◆ ABOUT THIS TASK: Write again exactly the lines in the listing below, starting at the line with "8/10 Inch Hanging" and ending at the line with "The Pexlar Alkaline", both included. Pictures are not copied.

◆ RECORDS PROVIDED:
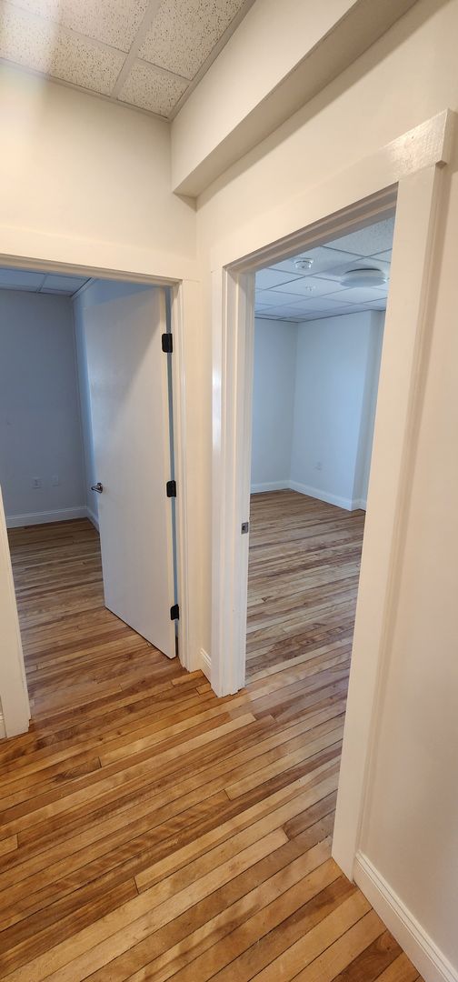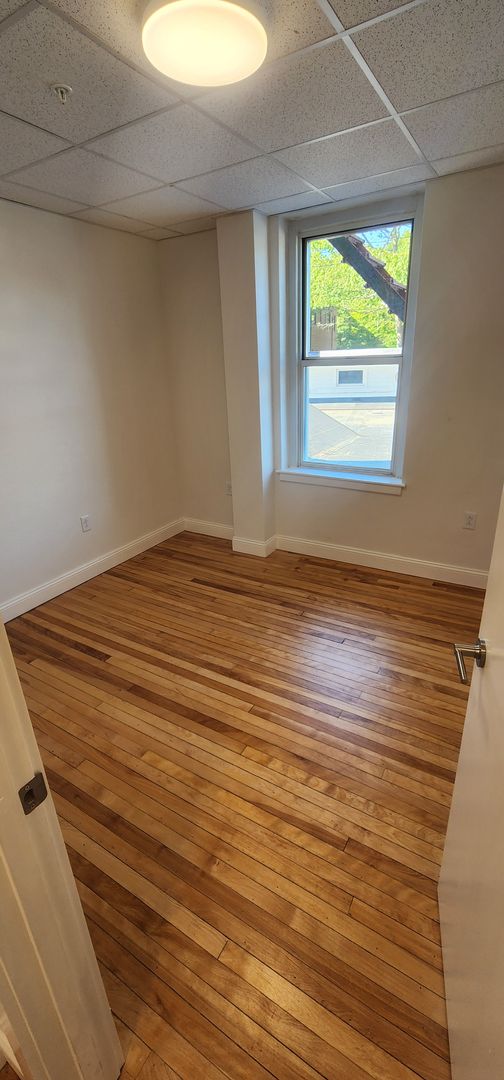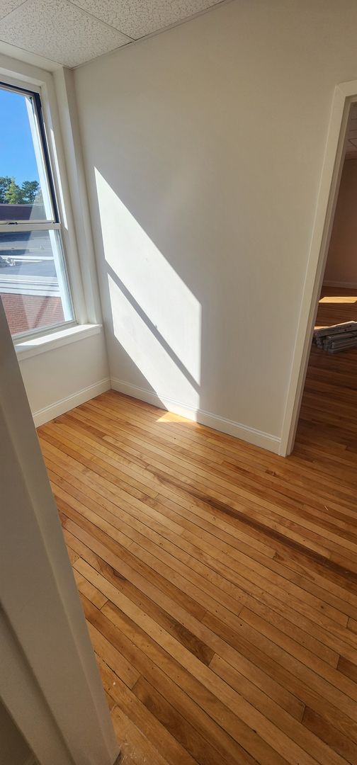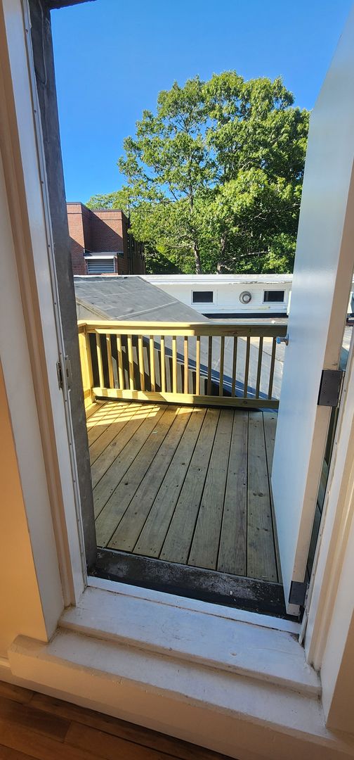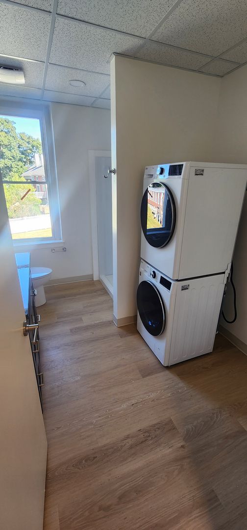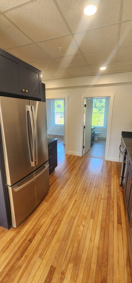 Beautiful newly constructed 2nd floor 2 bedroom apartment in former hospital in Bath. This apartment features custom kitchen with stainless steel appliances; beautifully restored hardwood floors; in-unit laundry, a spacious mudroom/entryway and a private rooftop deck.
* * *
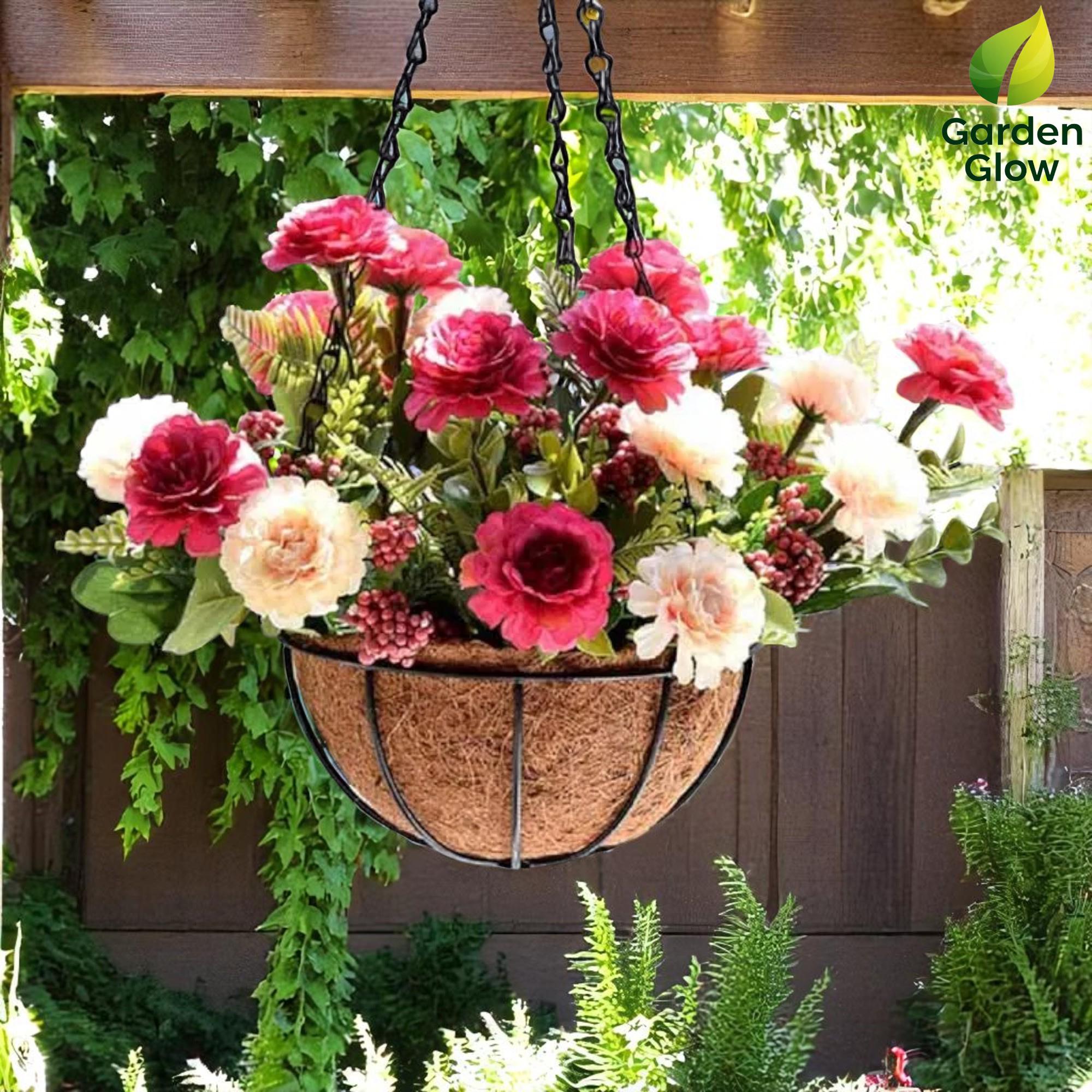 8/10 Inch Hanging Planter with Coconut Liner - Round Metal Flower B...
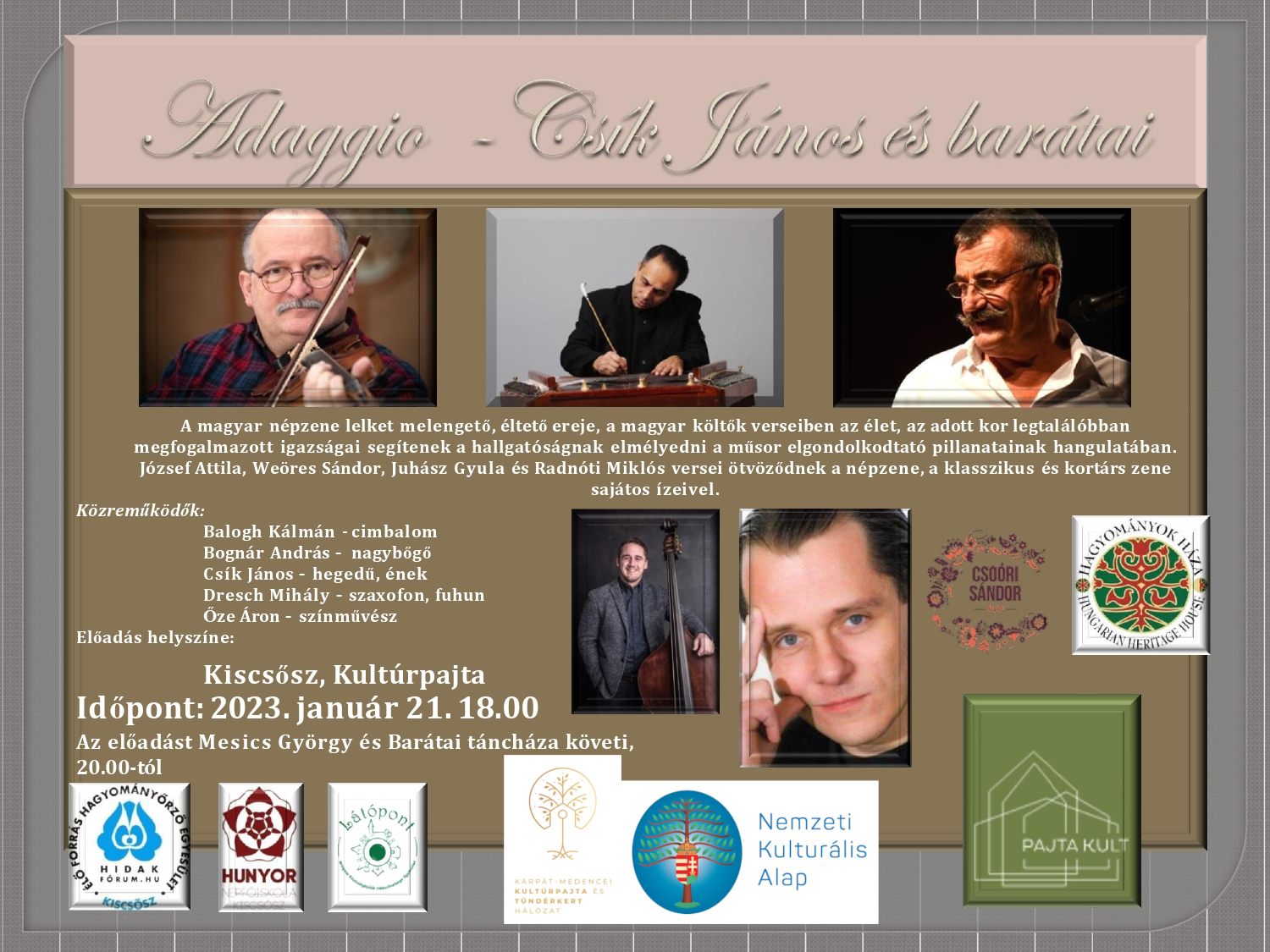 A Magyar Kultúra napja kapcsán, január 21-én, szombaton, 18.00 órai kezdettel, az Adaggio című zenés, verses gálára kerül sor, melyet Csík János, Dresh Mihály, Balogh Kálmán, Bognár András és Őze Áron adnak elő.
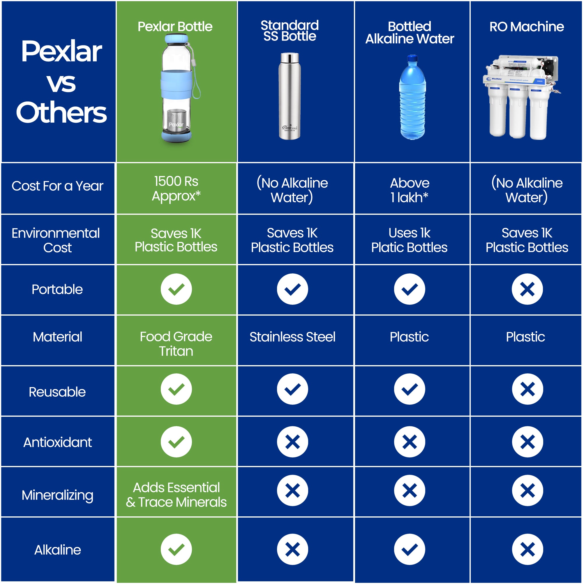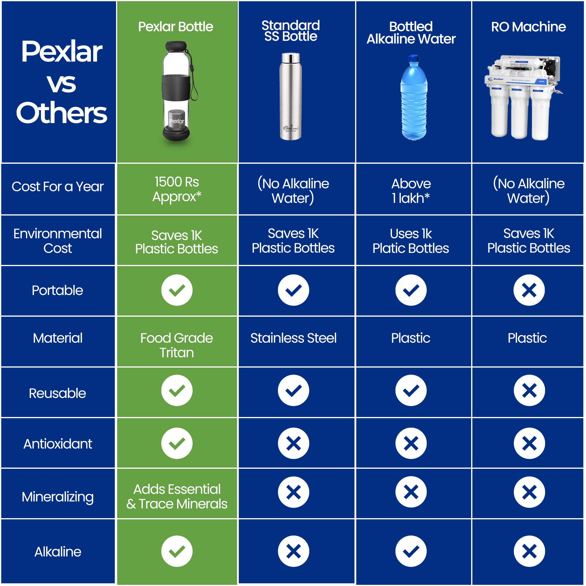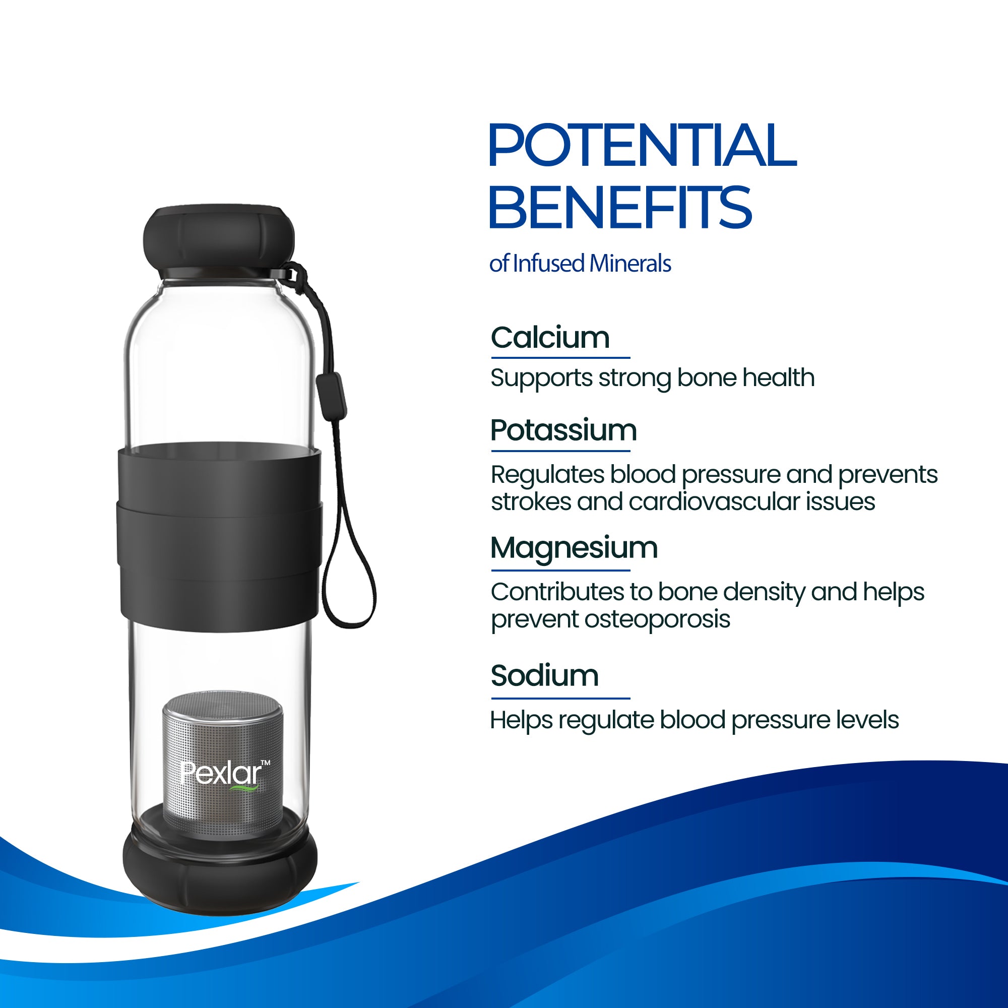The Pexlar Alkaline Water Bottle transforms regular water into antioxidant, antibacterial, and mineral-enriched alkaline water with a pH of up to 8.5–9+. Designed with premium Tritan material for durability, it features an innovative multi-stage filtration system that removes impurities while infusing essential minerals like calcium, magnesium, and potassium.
---
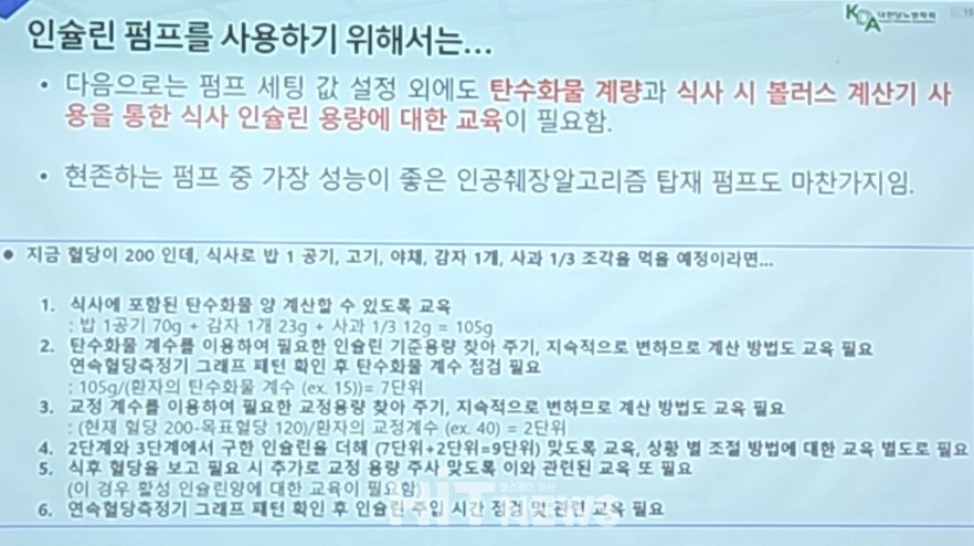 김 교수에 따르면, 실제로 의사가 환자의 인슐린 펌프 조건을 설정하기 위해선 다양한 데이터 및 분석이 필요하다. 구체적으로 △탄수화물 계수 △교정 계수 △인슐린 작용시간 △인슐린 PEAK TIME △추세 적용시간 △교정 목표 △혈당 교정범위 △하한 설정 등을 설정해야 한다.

◆ REPLY TO THE TASK:
 8/10 Inch Hanging Planter with Coconut Liner - Round Metal Flower B...
 A Magyar Kultúra napja kapcsán, január 21-én, szombaton, 18.00 órai kezdettel, az Adaggio című zenés, verses gálára kerül sor, melyet Csík János, Dresh Mihály, Balogh Kálmán, Bognár András és Őze Áron adnak elő.
The Pexlar Alkaline Water Bottle transforms regular water into antioxidant, antibacterial, and mineral-enriched alkaline water with a pH of up to 8.5–9+. Designed with premium Tritan material for durability, it features an innovative multi-stage filtration system that removes impurities while infusing essential minerals like calcium, magnesium, and potassium.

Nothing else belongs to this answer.